Data records
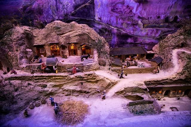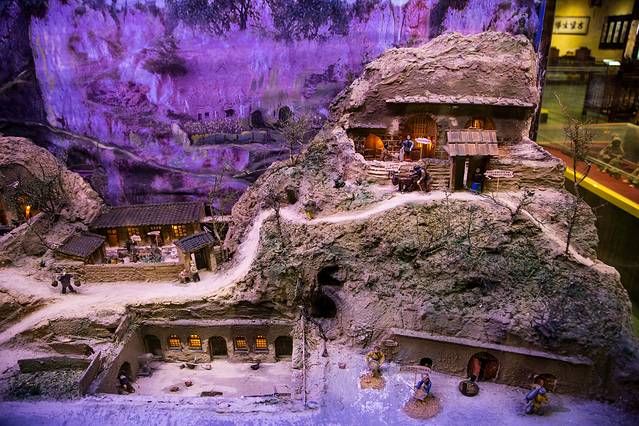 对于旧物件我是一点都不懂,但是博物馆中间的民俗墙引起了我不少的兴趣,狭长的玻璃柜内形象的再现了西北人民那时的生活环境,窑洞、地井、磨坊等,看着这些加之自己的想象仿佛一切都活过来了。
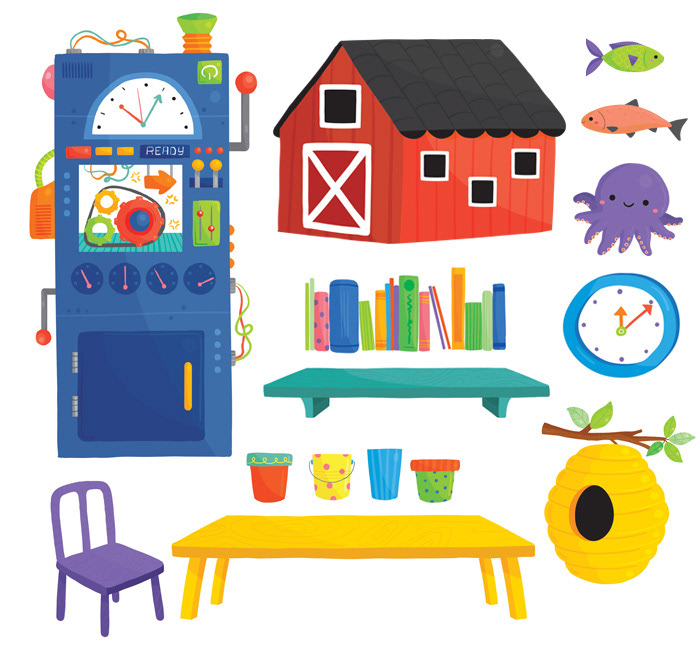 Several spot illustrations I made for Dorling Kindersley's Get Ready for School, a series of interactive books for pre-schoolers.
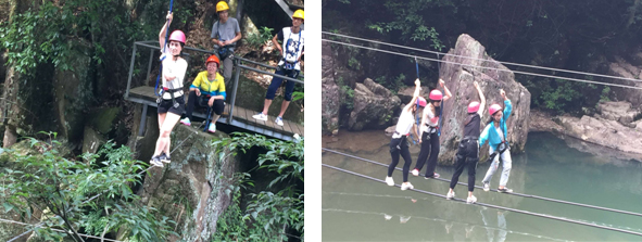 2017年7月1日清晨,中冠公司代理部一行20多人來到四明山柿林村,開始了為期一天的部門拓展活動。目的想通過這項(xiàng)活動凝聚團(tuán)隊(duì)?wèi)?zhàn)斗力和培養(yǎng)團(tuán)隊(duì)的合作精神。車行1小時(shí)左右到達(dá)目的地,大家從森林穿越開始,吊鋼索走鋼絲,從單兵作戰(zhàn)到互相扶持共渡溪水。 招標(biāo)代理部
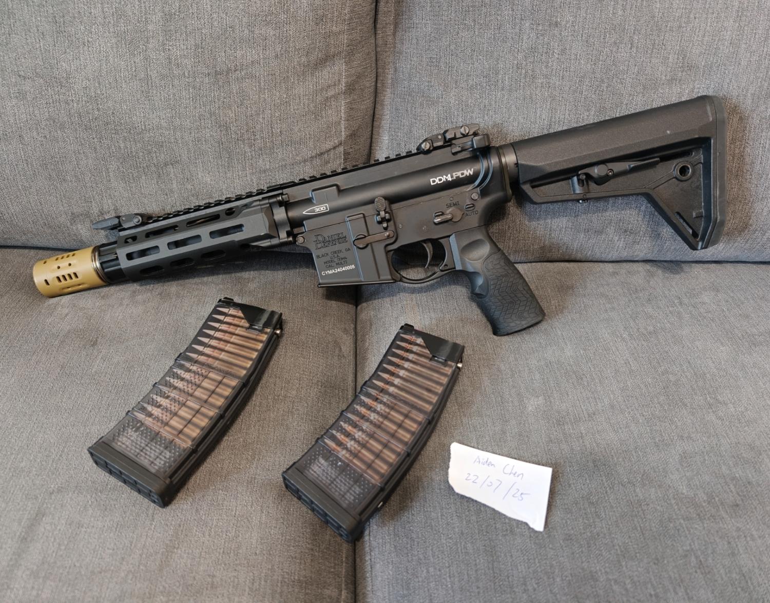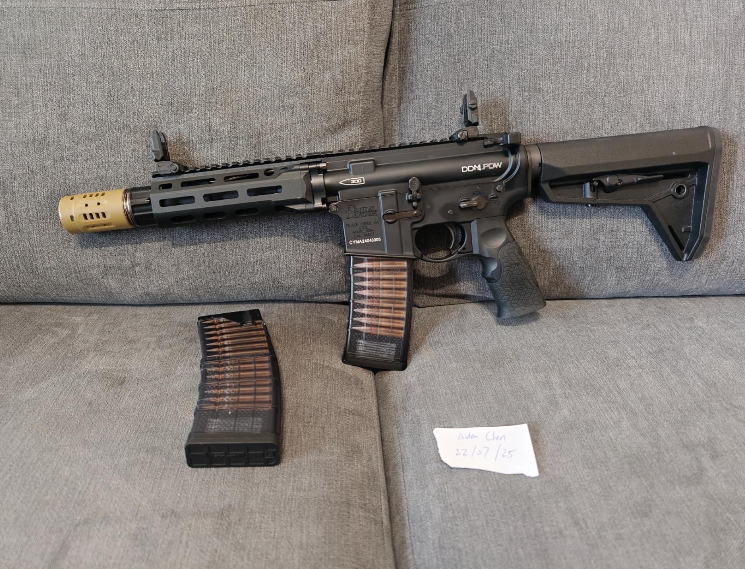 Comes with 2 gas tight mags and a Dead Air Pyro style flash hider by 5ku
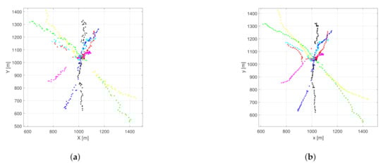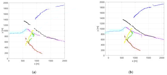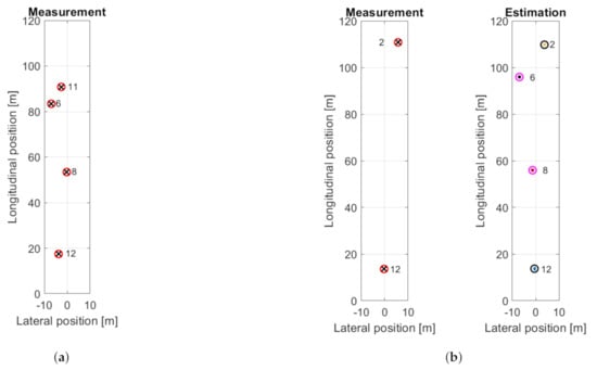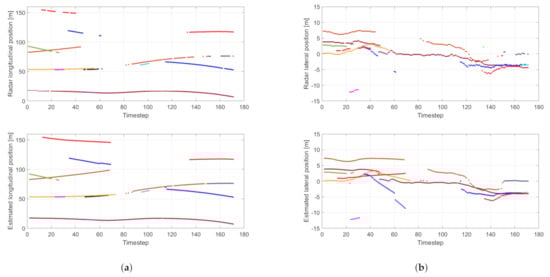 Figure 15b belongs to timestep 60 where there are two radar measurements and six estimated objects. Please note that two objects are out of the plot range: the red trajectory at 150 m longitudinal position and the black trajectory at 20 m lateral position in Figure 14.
--
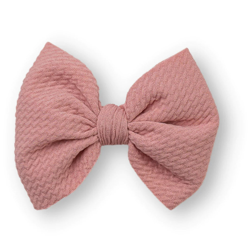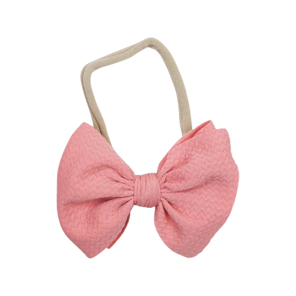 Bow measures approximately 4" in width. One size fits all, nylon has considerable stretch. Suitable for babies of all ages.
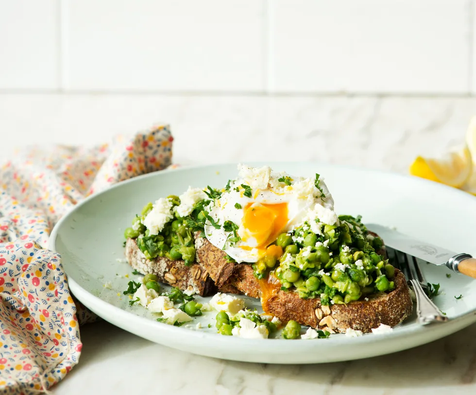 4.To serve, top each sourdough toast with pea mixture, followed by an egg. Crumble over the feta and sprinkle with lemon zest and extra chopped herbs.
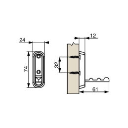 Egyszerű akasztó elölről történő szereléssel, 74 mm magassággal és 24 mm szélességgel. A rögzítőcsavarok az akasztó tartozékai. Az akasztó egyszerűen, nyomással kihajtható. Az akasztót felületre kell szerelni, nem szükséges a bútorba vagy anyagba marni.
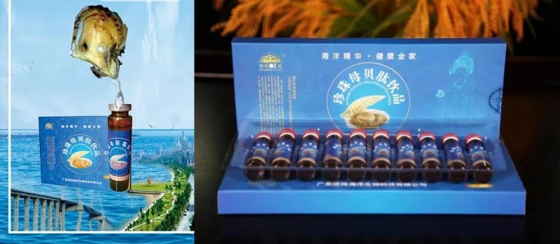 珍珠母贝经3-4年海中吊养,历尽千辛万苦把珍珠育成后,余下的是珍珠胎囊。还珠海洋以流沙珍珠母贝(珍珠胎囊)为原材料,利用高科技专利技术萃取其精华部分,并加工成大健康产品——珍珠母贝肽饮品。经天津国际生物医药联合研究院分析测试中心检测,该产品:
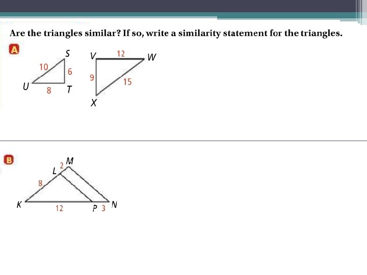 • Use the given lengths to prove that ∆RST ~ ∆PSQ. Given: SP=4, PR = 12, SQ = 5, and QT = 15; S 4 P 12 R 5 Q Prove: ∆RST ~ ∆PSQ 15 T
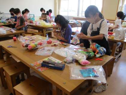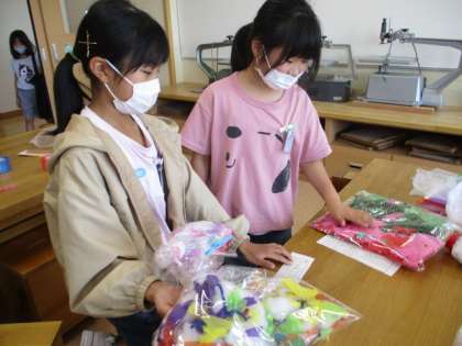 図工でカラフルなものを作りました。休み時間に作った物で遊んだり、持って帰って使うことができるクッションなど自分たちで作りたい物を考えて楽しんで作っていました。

- ASSIGNMENT
With the pictures omitted, restate word for word the lines above from the line that has "对于旧物件我是一点都不懂,但" up to and including the line that has "Several spot illustrations", and no other lines.

- SOLUTION FOR THIS EXERCISE
 对于旧物件我是一点都不懂,但是博物馆中间的民俗墙引起了我不少的兴趣,狭长的玻璃柜内形象的再现了西北人民那时的生活环境,窑洞、地井、磨坊等,看着这些加之自己的想象仿佛一切都活过来了。
 Several spot illustrations I made for Dorling Kindersley's Get Ready for School, a series of interactive books for pre-schoolers.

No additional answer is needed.